However, earlier in July, the high court delivered a split verdict. On the one hand, Justice Nisha Banu observed that the habeas corpus petition filed by Balaji’s family was maintainable since, inter alia, the ED officers did not have the powers of a station house officer under the Prevention of Money Laundering Act, and as such, could not have moved for the custody of the minister. On the other hand, Justice Bharatha Chakravarthy held that Balaji's arrest did not amount to illegal detention, observing not only that the ED officers were competent to seek custody, but also that Balaji’s family had not made out a case of illegal custody or a mechanical remand order, which would have warranted the interference of the high court by way of a habeas corpus petition.
Hours after this verdict, the State sought to convince the top court to hear the appeals and finally decide the matter.
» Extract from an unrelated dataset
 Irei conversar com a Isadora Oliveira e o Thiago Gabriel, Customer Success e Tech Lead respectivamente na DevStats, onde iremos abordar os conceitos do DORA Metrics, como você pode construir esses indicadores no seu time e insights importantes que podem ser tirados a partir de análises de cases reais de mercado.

However, a bench headed by Justice Surya Kant refused to heed the request of the central agency to decide the questions of law involved in the case and opted to continue waiting for the outcome of the litigation pending before the high court, as it had done earlier. However, the Supreme Court requested the Madras High Court Chief Justice to place the habeas corpus petition filed by Senthil Balaji's wife Megala before a larger bench at the earliest for an expeditious decision.
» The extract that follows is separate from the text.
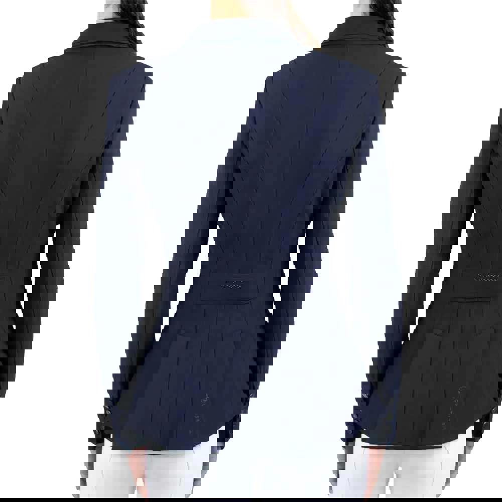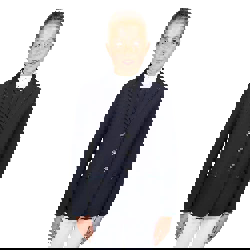 The Coldstream Kids Suede Horse Riding Jacket in navy is designed for horse riding, with a printed finish and perforated detailing for added interest. A lapel neckline and long sleeves create a classic jacket shape, while a button fastening keeps the look neat and secure.

Following this split verdict, Justice CV Karthikeyan, who was assigned by the chief justice to resolve the split decision in this habeas corpus petition, has settled the conflicting views by holding that the central agency was entitled to seek the custody of the minister in a money laundering case over an alleged cash-for-jobs scam in the state. Endorsing the view of Justice Chakravarthy, Justice Karthikeyan held that while officers of the Enforcement Directorate were not police officers, they were competent to take an accused into custody for further investigation and this right of the agency to take Senthil Balaji could not be denied.
After this, the Tamil Nadu minister moved the Supreme Court in appeal against the high court’s verdict, inter alia, challenging the Enforcement Directorate’s power to seek custody of an accused in the absence of a specific provision under the Prevention of Money Laundering Act, 2002. His wife, Megala, also filed an appeal against the Madras High Court’s decision.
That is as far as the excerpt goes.